Piezotronics and piezo-phototronics based on the third generation semiconductors are two novel fields for low power consumption, self-powered technology and internet of things. Strain-induced piezoelectric field plays a key role to modulate not only charge-carrier transport but also quantum transport properties in piezoelectric semiconductors, especially for two-dimensional materials which can withstand large strain. In this paper, we theoretically study piezotronic effect on the modulation of spin and valley properties in single-layered MoS₂. Spin- and valley-dependent conductance, electronic density distribution and polarization ratio are investigated by quantum transport calculation. Because of piezotronic effect, strain-gated spin and valley transistors have excellent quantum state selectivity using by strain.
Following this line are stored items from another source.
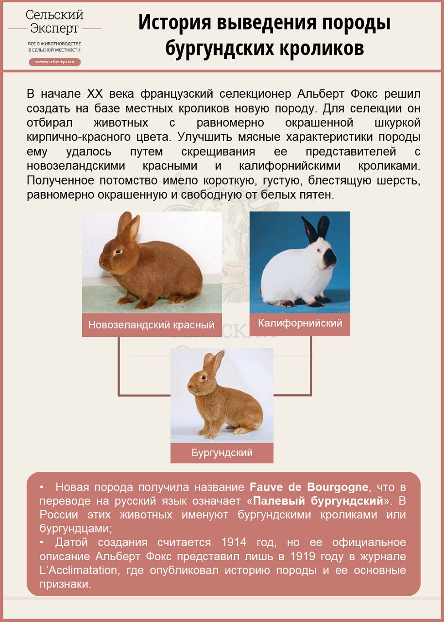 Кроликів палевого окраса розводили в Бургундії з незапам'ятних часів. Тут зустрічалися як чисто червоні тварини, так і особи з білими плямами на шиї, мордочці і ногах. Французькі фермери полюбили цих тварин за витривалість, швидке дозрівання, плодючість і вишуканий смак їх м'яса.
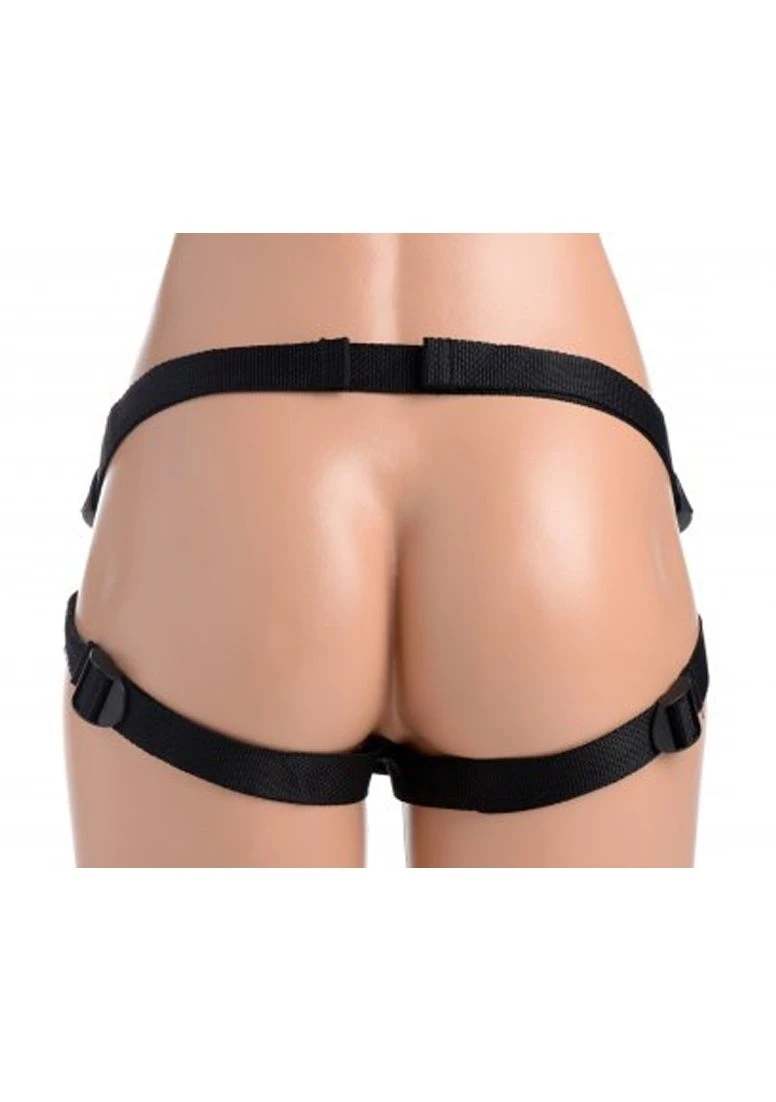 Show your man who the boss is with a kit that includes everything you need to dominate him, top to bottom! Rob him of his sight but leave that useful mouth accessible when you slip a stretchy black hood over his head. The padded blindfold area will keep him in the dark while you surprise him with every touch. Meanwhile, suit up with a harness that adjusts attractively and securely around your booty. There is even a pocket for a small bullet vibrator on the inside of the front panel, to ensure that the Mistress is always pleased! Slip the included dong into the O-ring or use another depending on preference. A second O-ring is included to accommodate many sizes. The premium silicone dildo is non-porous to make it perfect for pegging. Clean with mild soap and warm water after use and avoid use with silicone lubricants.
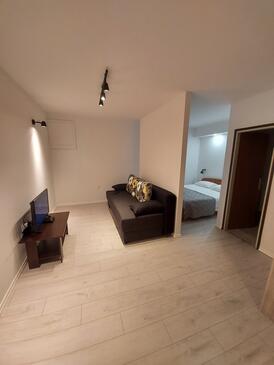 Appartamento può accogliere 6 ospiti. I letti sono disposti nelle camere da letto che sono 2, su 55m2. Gli ospiti hanno a disposizione il proprio terrazzo per godere nelle calde serate estive. Le stanze dell'unità d'alloggio non sono connesse in un insieme. L'unità d'alloggio ha delle stanze separate dal resto dell'unità.
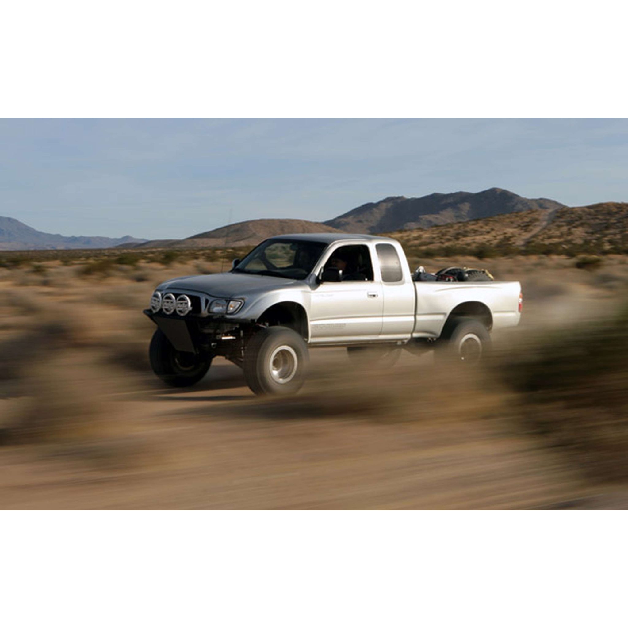 Our long travel kit takes your Tacoma to the next level. First to develop a L/T kit for the Tacoma platform years ago, this kit has been used and raced on throughout the world. Our kit increases wheel travel to 13” and widens the front trackwidth 3.5” per side. We’ve improved front end geometry for better handling and driving characteristics for both on and off-road use. This kit is great for tight and technical trails that require increased articulation and traction along with higher speed desert use needing bottoming control with much stronger components that won’t leave you stranded in the middle of nowhere. The chromoly upper arms use poly bushings at the frame pivots. This reduces flexing while under heavy loads and braking while allowing for reduced friction and zero binding. We combine this with an FK 1” uniball that adapts to the spindle with heat-treated stainless spacers for max wheel travel. The lower arms are a fabricated boxed design for added strength, more ground clearance and lighter weight. All Camburg lower arms use FK 1” uniballs at the inner pivots. Cheaper poly or delrin bushings have no business at these locations when something better is offered. The uniballs allow for zero binding when the suspension cycles up and down and has zero flex under braking, so your geometry and alignment is always consistent. With Toyota’s being aligned by their lower arm, a uniball setup allows for a bind free adjustment and you’re able to torque all the bolts without putting it into a bind. This better clamping force in the frame keeps the holes from ovaling out over time, a lesser chance of the bolts loosening or the alignment cams rotating. You have the ability to run a coilover with a bypass shock and a bump stop for the ultimate control for off-road use. We have Camburg spec. FOX or King 2.5 coilovers and bypass shocks that we’ve designed to yield maximum useable wheel travel and control with specific valving and tube layouts.
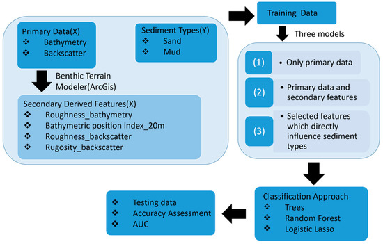 In this study, Random Forest, Decision Tree, and Regularized Logistic Regression with Lasso penalty (hereafter abbreviated as Logistic Lasso) were run using randomForest, rpart, and glmnet packages in R, respectively (Figure 3). The data were randomly split into training (80%) and test (20%) sets. The models were fitted using the training samples only, while the test samples were used to evaluate the models’ predictive performance. The results were based on a total of 250 random splits of the data. The accuracy rate and AUC (Area Under the Curve) score were used to evaluate the model performance [45]. Accuracy is defined as the proportion of samples that were correctly classified for the test set. AUC, which is based on the Receiver Operating Characteristic (ROC) curve, provides an aggregate measure of performance across all the possible classification thresholds. A model whose predictions are totally incorrect has an AUC of 0.0; one whose predictions are all correct has an AUC of 1.0. In our models, each sample contained (1) primary features: bathymetry (m) and backscatter data (dB), and (2) derived secondary features: BPI_20, Roughness_bathymetry, Roughness_backscatter, and Rugosity_backscatter. Each classification method in this study was trained three times using different combinations of features: (1) all six features, (2) only primary features (bathymetry and backscatter), and (3) a subset of features chosen by the Random Forest algorithm.
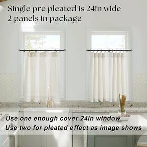 - Informações sobre o produto e facilidade de manutenção: pacote com 2 peças. Cada uma tem 24 polegadas de largura (largura com pregas, diferente de outras cortinas pequenas do mercado). Os conjuntos de cortinas podem cobrir uma janela de 48 de largura. Para um efeito mais personalizado de pregas com babados, 4 painéis são recomendados. Lavável à máquina. Sem alvejante. Seque na secadora em temperatura baixa. Passe a ferro com configurações baixas se estiverem enrugados na embalagem ou após a lavagem.

Our work provides not only piezotronic effect on spin and valley quantum states, but also a guidance for designing novel quantum piezotronic devices.

基于第三代半导体的压电和压电光电是低功耗，自供电技术和物联网的两个新领域。应变感应的压电场不仅在调节压电半导体中的电荷载流子传输方面而且在调节量子传输特性方面都起着关键作用，尤其是对于可承受较大应变的二维材料而言。本文从理论上研究了压电效应对单层MoS ₂中自旋和谷值性质的调制。通过量子输运计算研究了自旋和谷依赖的电导，电子密度分布和极化率。由于具有压电效应，应变门控的自旋和谷值晶体管利用应变具有出色的量子态选择性。我们的工作不仅提供对自旋和谷量子态的压电效应，而且为设计新型量子压电器件提供了指导。